Are you looking for pellet, electric, or gas smoker? What is you price range?


----------



## Tonybsmokin (May 19, 2020)

I'm thinking up to around  $400.00 . Was thinking electric but after reading reviews maybe propane. I need something big enough to cook 4 slabs of ribs , or a full brisket.  Maybe even 2 pork butts


----------



## crazymoon (May 19, 2020)

A good starter smoker is a Masterbuilt Electric smoker


----------



## Tonybsmokin (May 19, 2020)

I'm not sure I want a starter , I'm thinking once I get one I want to keep it for awhile . And not go through the ( I wish I would have  got something  different first ).
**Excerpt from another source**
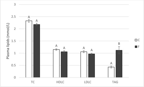 When evaluating the plasma lipid profile, LC-PUFA n-3 are known [26] to decrease plasma TAG via the activation of the transcription factor PPARα (peroxisome proliferator-activated receptor α) and the inhibition of SREBP-1 (sterol response element-binding protein 1), which stimulate fatty acid β-oxidation and inhibit fatty acid synthesis. However, the F-diet conspicuously increased plasma TAG in the present experiment (Figure 2). It is plausible that it is not fatty acid composition but rather the sheer amount of fat in the F-diet (much higher than in the control diet) that is the reason for the TAG increase. Huang et al. [20] came to the same conclusion using diets with either 0% or 6% of added lipid, which resulted in a significant (p < 0.05) increase in the plasma TAG in pigs fed a fatty diet (0.40 vs. 0.49 mmol L−1). Dietary lipid supplementation also increased the serum TAG in pigs in the study of Adhikary et al. [23].

I have looked at the pit boss 5 , but the reviews aren't as good as I hoped


----------



## Kevin DeShazo (May 19, 2020)

Welcome aboard and I too recommend the MES, Ive used mine for a few years and couldnt be happier


----------



## meskc (May 19, 2020)

I started with the mes40 just upgraded to a vertical pellet smoker.  I liked the mes but like the pellet better.


----------



## Tonybsmokin (May 19, 2020)

What pellet smoker did you get? I'm thinking the pb 5 . I have a friend  that has one and never had a problem.   I do like the electric smokers that have 2 doors as well.  Put I dont think they are pellets,  I believe chips.


----------



## meskc (May 19, 2020)

I got the louisiana grills vertical smoker at costco.  It is the same as the pit boss series 7.  I have done several cooks on it and have had no issues. Temps run pretty close to the set temp.  If you have any questions just pm me glad to answer any you have


----------



## Tonybsmokin (May 19, 2020)

Thank you


----------



## Winterrider (May 19, 2020)

Lot of MES users on here that have had their units for many many years, myself included. Some have done modifications and others very few to get it where they like for operation.  An electric is going to be cheaper to operate. Good luck on your decision.


----------



## Tonybsmokin (May 19, 2020)

Thank you, may I ask ,do you get the smoke level you want and does the MES give you the smoke ring and the bark?


----------



## JckDanls 07 (May 19, 2020)

Smoke ring is almost non existent with electric or propane...  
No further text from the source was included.